If the crop of new VC-backed companies targeting this pathway are any indication, the answer a decade from now may be a resounding ‘yes’
The most straightforward approach is that of Ohio-based ReXceptor. Their strategy is to boost endogenous expression of apoE, using agonists of the ligand-dependent transcription factor RXR-alpha. As their recent publication in the prestigious Science journal testifies, this is a promising approach: the RXR-alpha agonist bexarotene induced rapid clearance of amyloid plaques in a mouse model of AD – a result sufficiently impressive that it garnered attention of the mainstream world media.
The challenge for ReXceptor will be the specificity of their approach. RXR-alpha heterodimerises with other nuclear hormone receptors, and affects the transcription of numerous gene beyond apoE. As a result, bexarotene is associated with some fairly daunting side-effects, with hyperlipidemia and thyroid dysfunction prominent in more than half the subjects treated with the drug for cancer indications. The solution may lie in better-optimized ligands, or in a careful titration of the dose, hoping that the beneficial effects on apoE can somehow be separated from the side-effects.
The other approach, adopted by US start-up Cognosci and by Cambridge-based Epsilon-3 Bio (where DrugBaron is a member of the senior management team), is to mimic apoE signaling (or at least the part of apoE signaling that promotes cell debris clearance).

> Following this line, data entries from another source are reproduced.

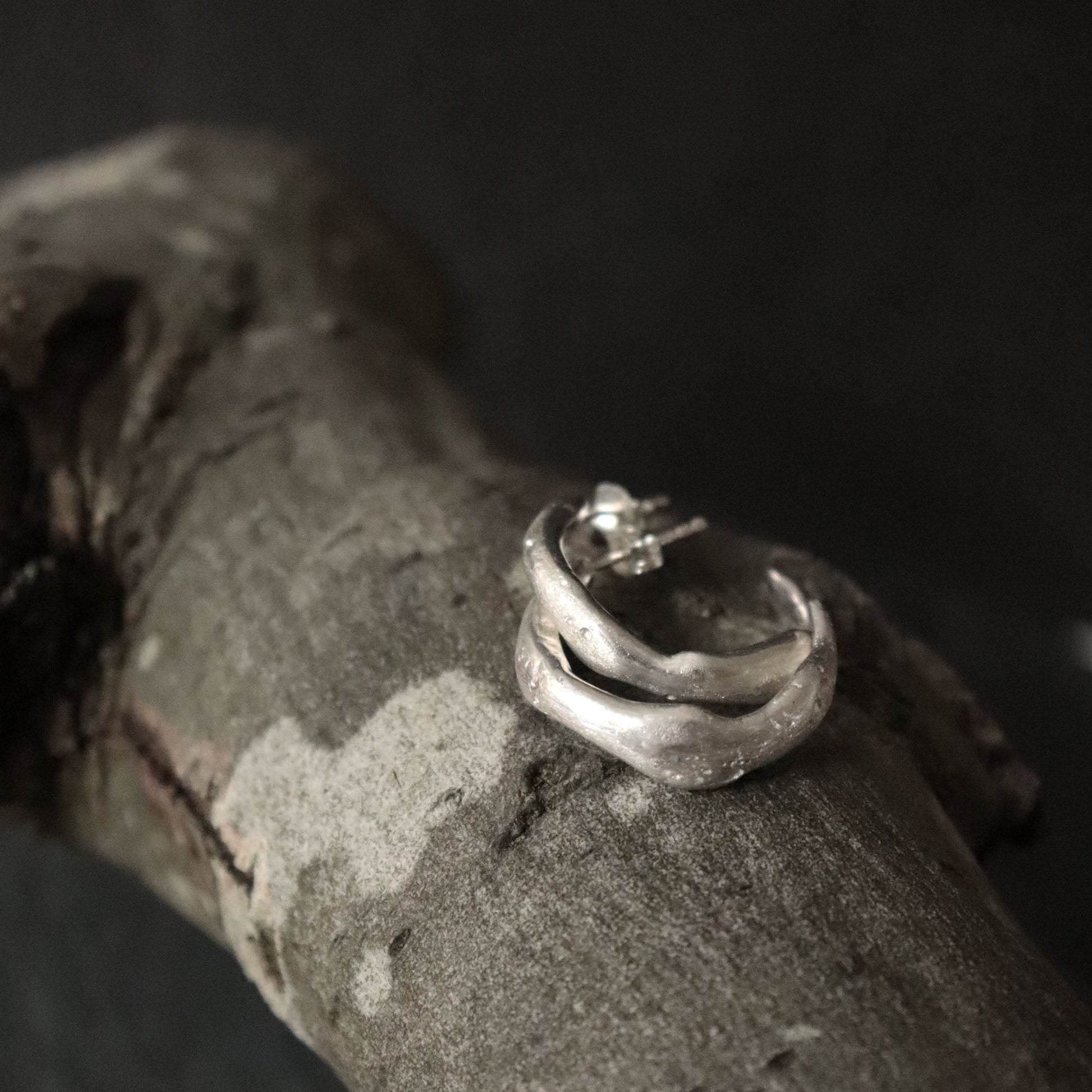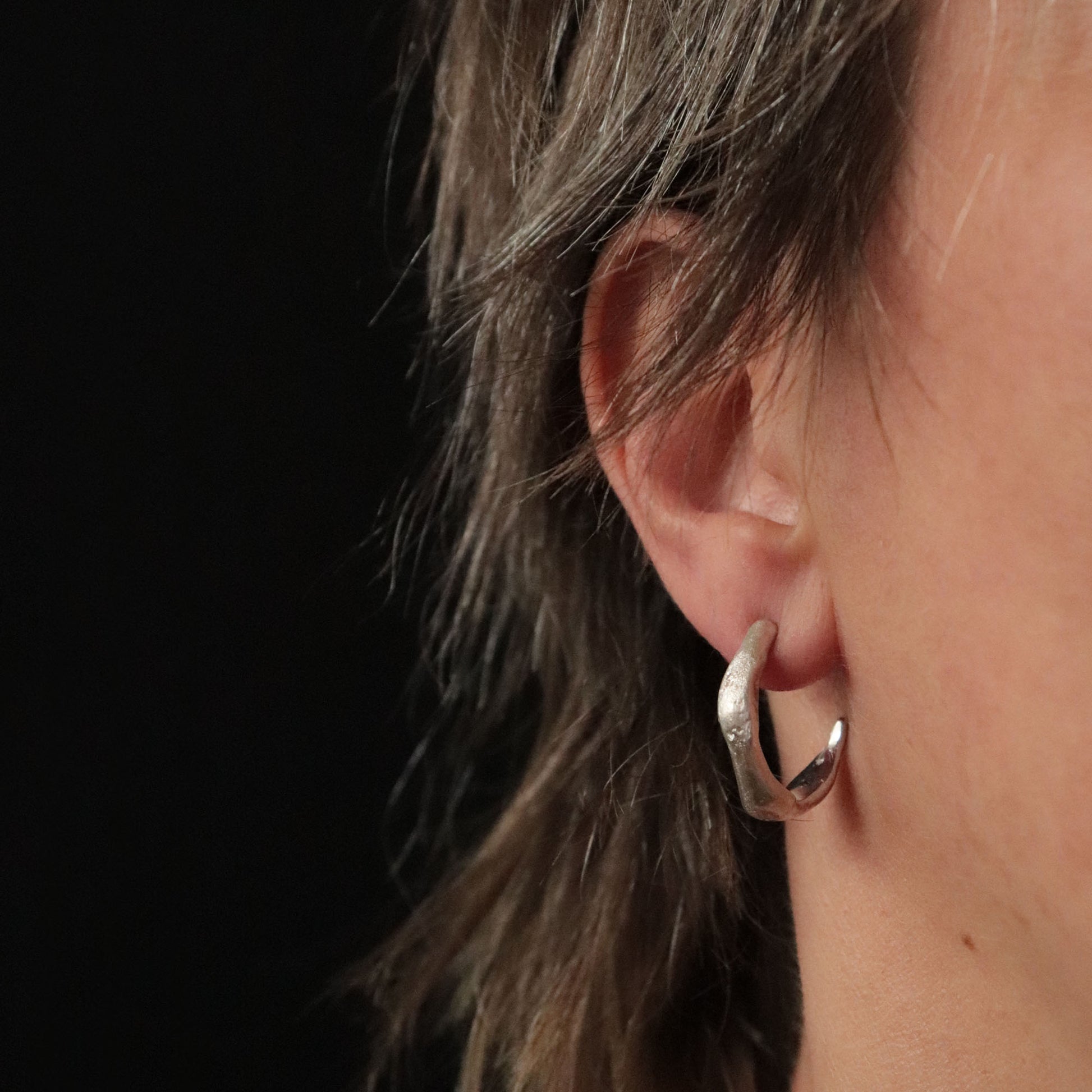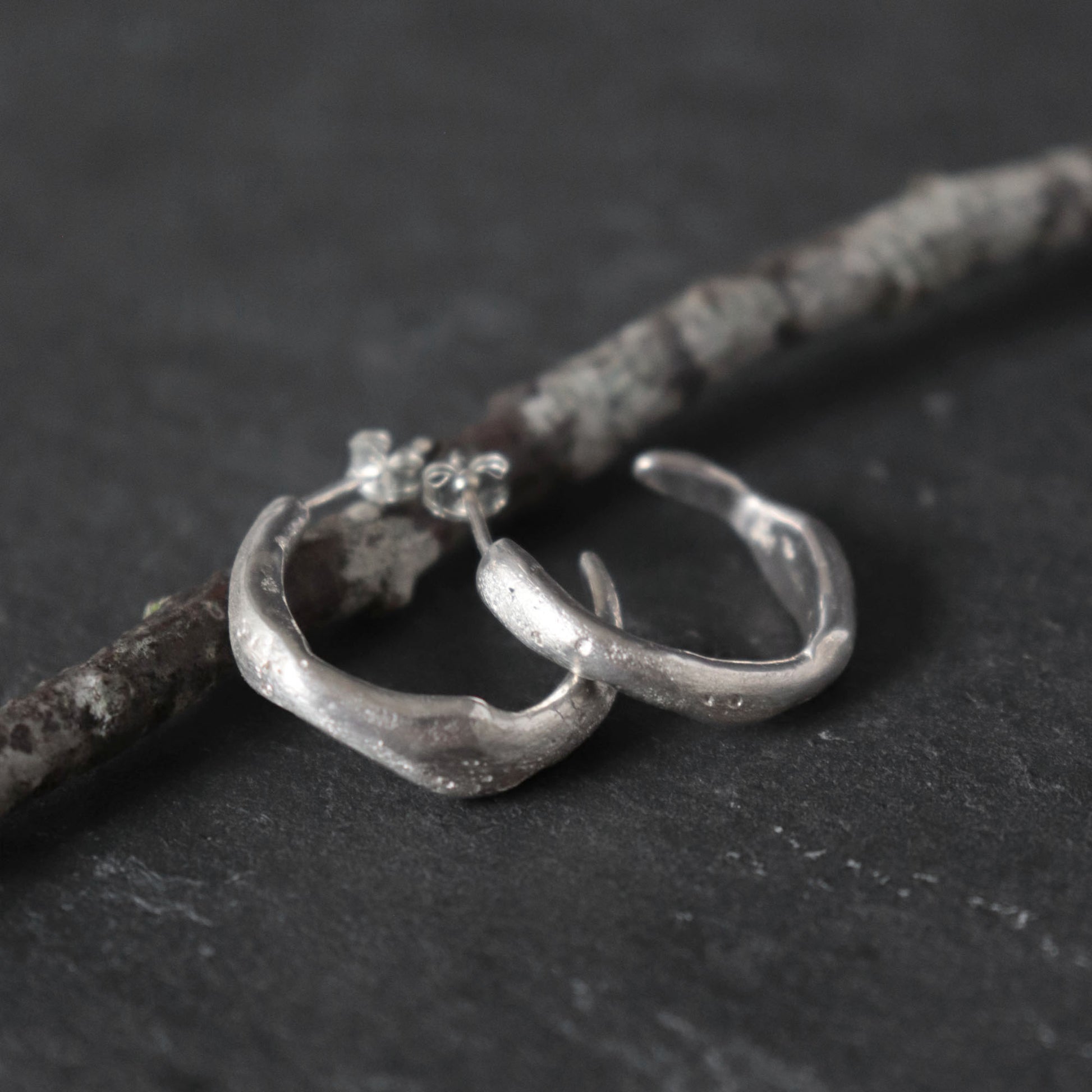 Handcrafted from recycled molten sterling silver, these semi hoop stud earrings have an organic, irregular shape that makes each pair truly unique. Textured in places and finished with a soft mix of satin and frosted surfaces, they catch the light beautifully while keeping a subtle, natural look.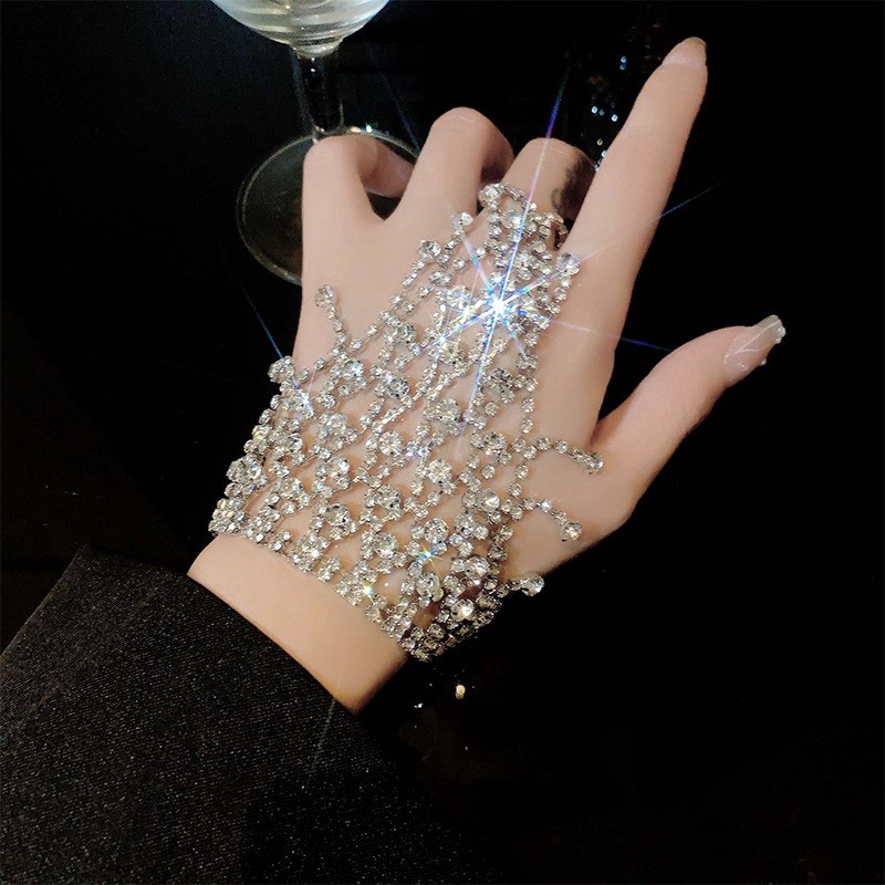 韩式水晶镶钻戒指一体手背链手链新娘结I婚伴娘首饰表演饰品夸张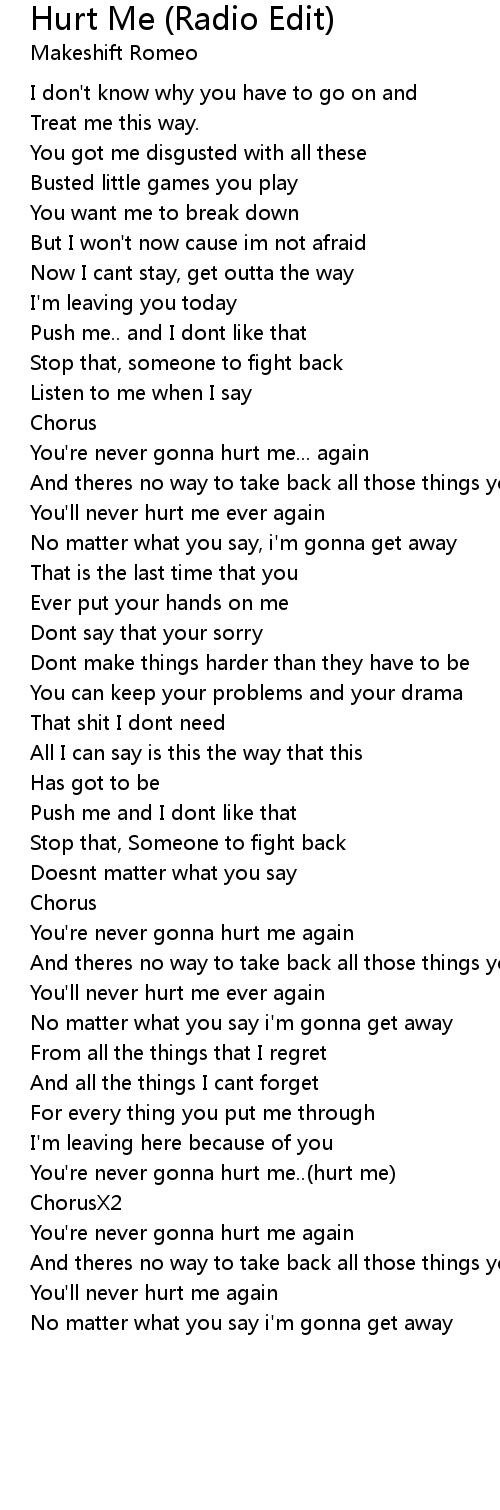 You'll never hurt me ever again |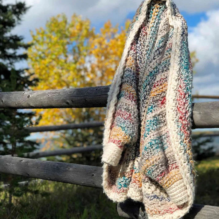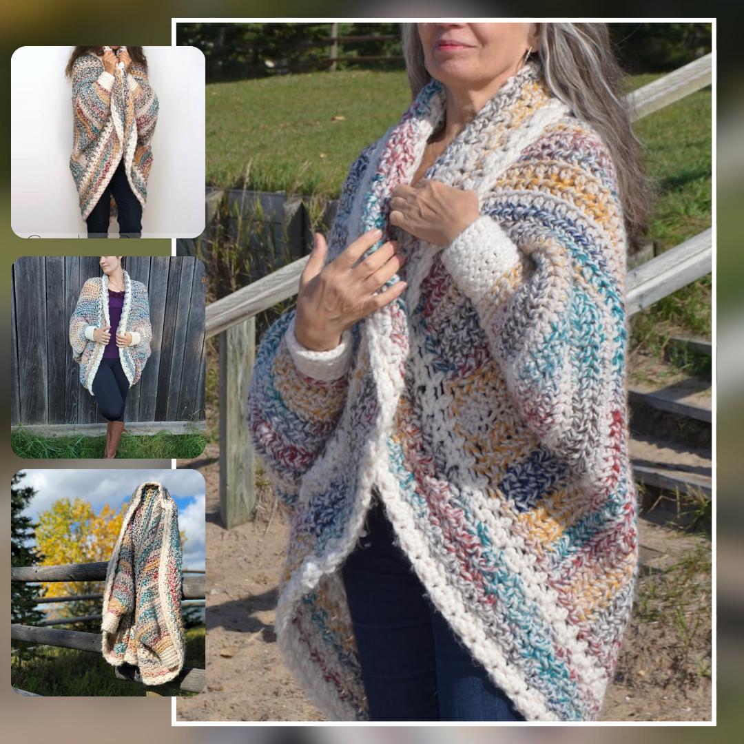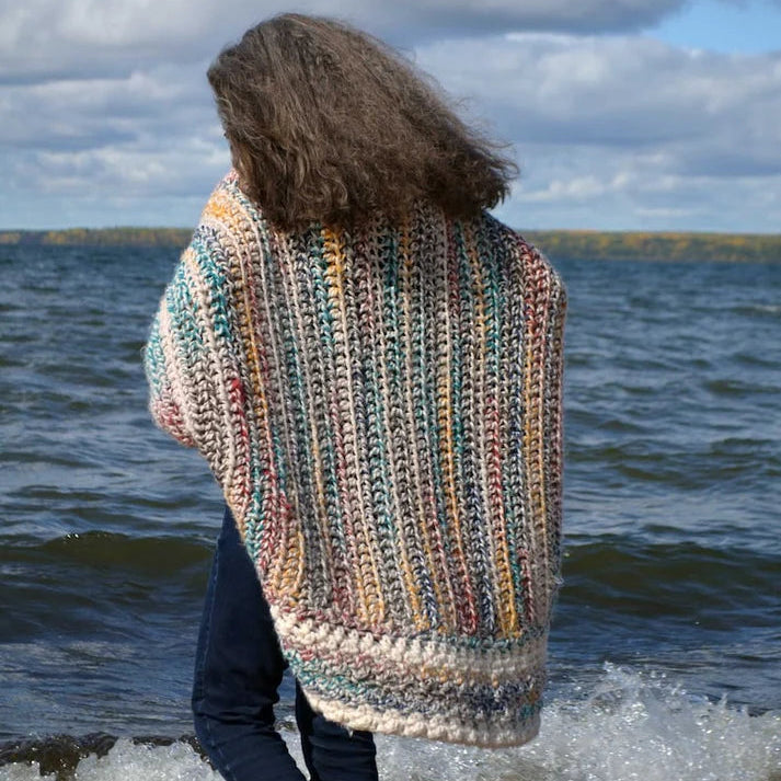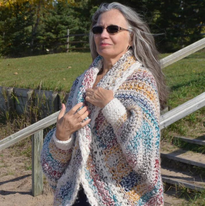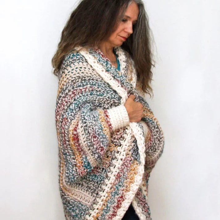 Otul się komfortem na weekend dzięki narzutce Luxe Oversized — przytulnej,rozmiar-elastycznykardigan, który można zrobić na szydełkuw ciągu kilku dni.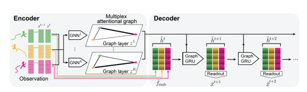 기존 multi-agent systems을 그래프 신경망 (GNNs)을 사용하여 상호 작용을 모델링하는 것이 제안되어 왔지만, 이러한 접근법들은 모든 에이전트가 동일한 방식으로 상호 작용한다고 가정했어서, 실제 사회적 multi-agent systems 에서 존재하는 여러 개의 상호 작용들을 명시적으로 다루지 않았다. 이는 곧 long-term prediction(장기 예측)에서의 성능 감소와 interpretability (해석력) 감소로 이어졌다고 한다.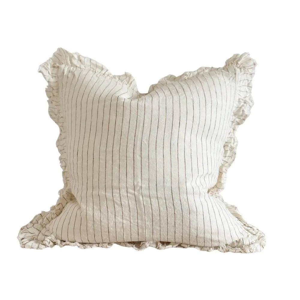 Hallie Rust Pinstripe Ruffle Cushion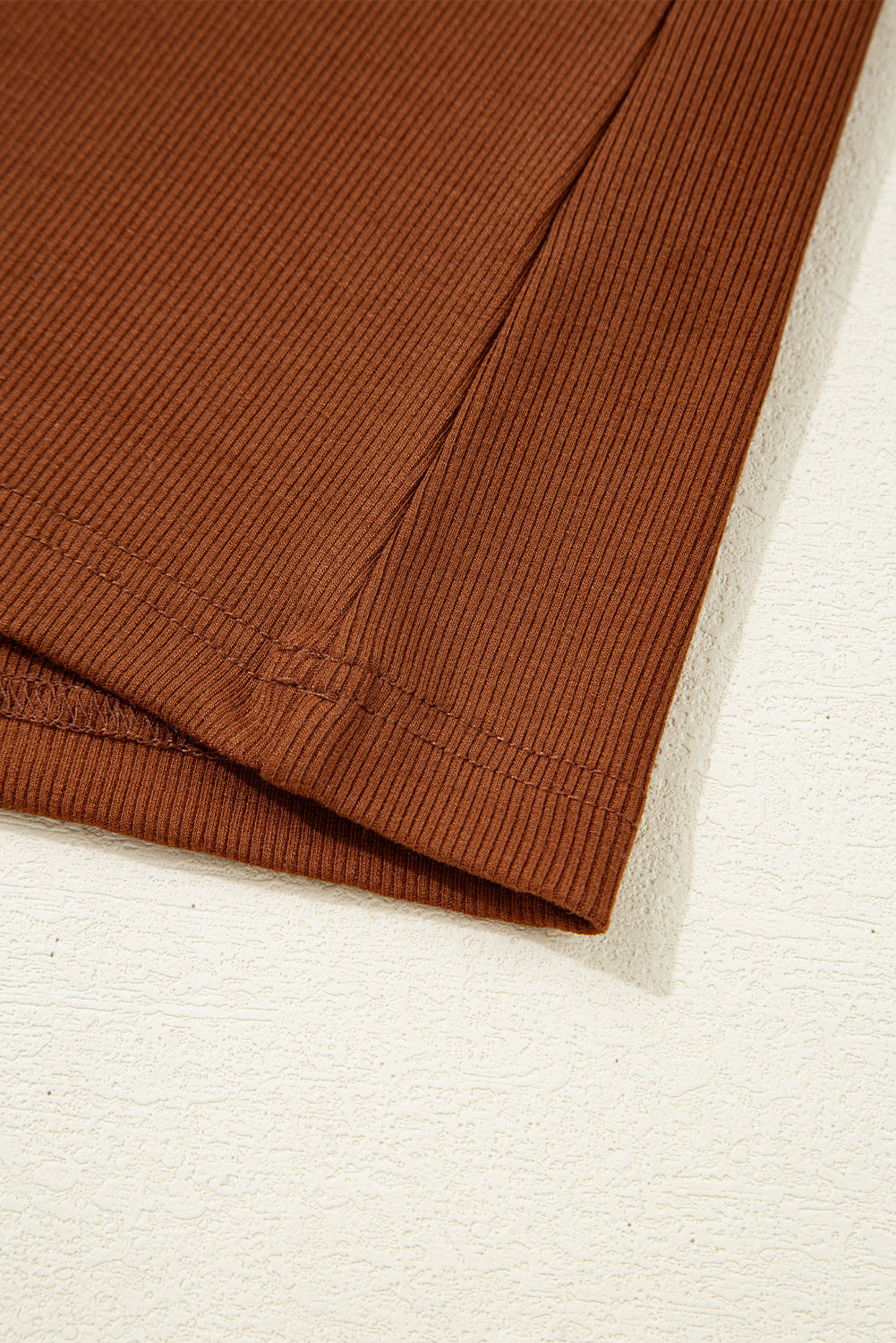 Leather Ruffle Sleeve Patchwork Round Neck Blouse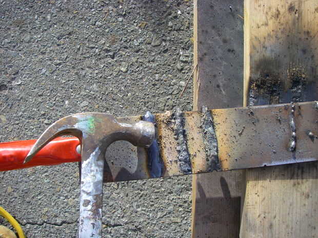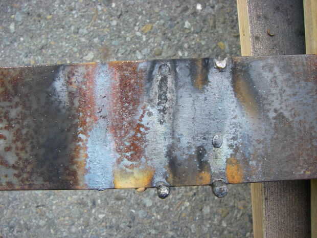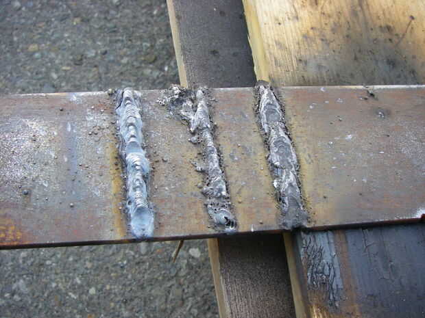 El desorden en la parte superior de la soldadura media trata de 6011 a 24 voltios. No hay suficiente jugo, muchas salpicaduras. El grano largo junto a él es un 6011 en 30 voltios.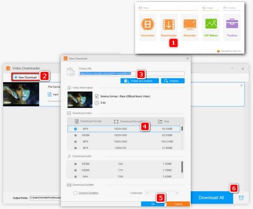 Launch the YouTube to WAV converter you just installed. Go to "Downloader", then click "+ New Download". Paste the YouTube link to the “Paste URL” box under the download video section. Press the “Analyze” button. It will demonstrate the video format or resolution after analysis, just choose the desired one and hit "OK".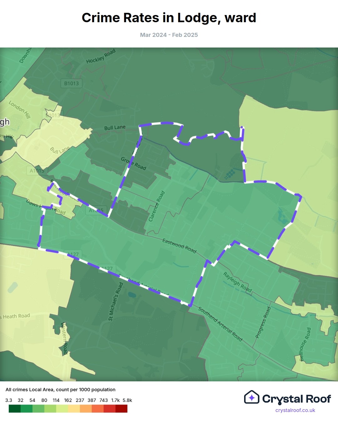 The figures in grey indicate the relative ratings of Lodge (ward) for a specific crime type compared to other wards in England and Wales.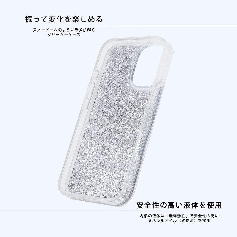 ボタンや端子周りまで精密に保護。安全性の高いミネラルオイルでスノードームのようにキラキララメが流れるスマホケース。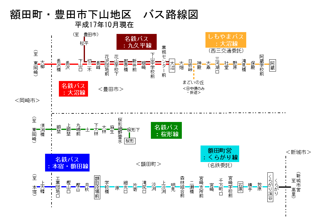 額田町・豊田市下山地区 バス路線図(平成17年12月31日まで)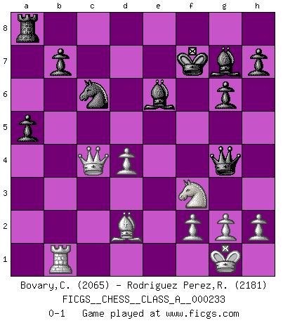 Last move : 0-1 2020 October 13 9:37:44 [Event "FICGS__CHESS__CLASS_A__000233"] [Site "FICGS"] [Date "2020.07.07"] [Round "1"] [White "Bovary,Charles"] [Black "Rodriguez Perez,Rene"] [Result "0-1"] [WhiteElo "2065"] [BlackElo "2181"] 1.d4 Nf6 2.c4 g6 3.Nc3 d5 4.cxd5 Nxd5 5.e4 Nxc3 6.bxc3 Bg7 7.Nf3 c5 8.Rb1 O-O 9.Be2 cxd4 10.cxd4 Qa5+ 11.Bd2 Qxa2 12.O-O a5 13.Qc1 Qe6 14.Bc4 Qxe4 15.Re1 Qg4 16.Rxe7 Nc6 17.Bxf7+ Rxf7 18.Rxf7 Kxf7 19.Qc4+ Be6 0-1 King's Indian defense, 3.Nc3 Kingside Castling by player Black (move 8) Kingside Castling by player White (move 12) Player Black won this chess game. Follow this game move after move (download)First-class players lose to second-class players because second-class players sometimes play a first-class game. (Siegbert Tarrasch) Schach sollte überall auf der Welt Schulfach werden. Es fördert die geistige Auseinandersetzung. Es lehrt die Demut in der Niederlage. (Garry Kasparov) Es el objetivo de la escuela moderna no tratar cada posición de acuerdo a una regla general, sino de acuerdo al principio inherente en la posición. (Richard Reti) Soyez une menace à chaque fois que vous vous asseyez pour jouer. (Ken Smith) Work expands to fill the time available. (C. Northcote Parkinson, in Parkinson's Laws)

The challenge here is that the receptors and signaling pathway responsible for linking apoE to cell debris clearance are still poorly understood, precluding molecular screens. But peptides derived from the apoE sequence and small molecules identified through functional screening both offer hope of recapitulating the beneficial properties of apoE.
A third strategy, pioneered by Prof Mahley and his colleagues at the Gladstone Institute in San Francisco, and also by the Cambridge team behind Epsilon-3 Bio, is to convert the “risk” variant of apoE (apoE4) back to wild-type, using small molecule “structure converters”. These are compounds that bind to apoE in such a way as to induce a switch in conformation from the apoE4 conformation to the apoE3 conformation. With luck, such molecules might even be able to improve the function of the wild-type variant (in the way apoE2 does).
Each of these lead compounds is a candidate for the title “Elixir of Life”, offering extended lifespan, freedom from a slew of chronic inflammatory and degenerative diseases, and all the gain from exercise with none of the pain. Small wonder there has been a rush to found new companies to exploit this science. And with impressive results like the bexarotene paper and the phenome-wide association study linking apoE and depression reaching the scientific literature, providing ever stronger validation for the pathway, new entrants, big and small, are likely to throw their hats into the ring as well.
The prize may be very large indeed, for public health and for investors. The last company to hold out the promise of an “Elixir of Life”, Sirtris, was sold to GSK for $720million up-front in 2008. And although their lead compound, resveratrol, was discontinued due to side-effects, sirtuins remain a promising therapeutic target. But compounds that mimic the effect of apoE on cell debris clearance may be bigger yet. It’s a bold prediction, but DrugBaron envisages an impact on global health for the best apoE mimetics that matches or exceeds that of antibiotics and statins. You would expect nothing less from a tiny pill that packs in all the goodness of a daily exercise routine while you sit on the couch reading the latest from DrugBaron.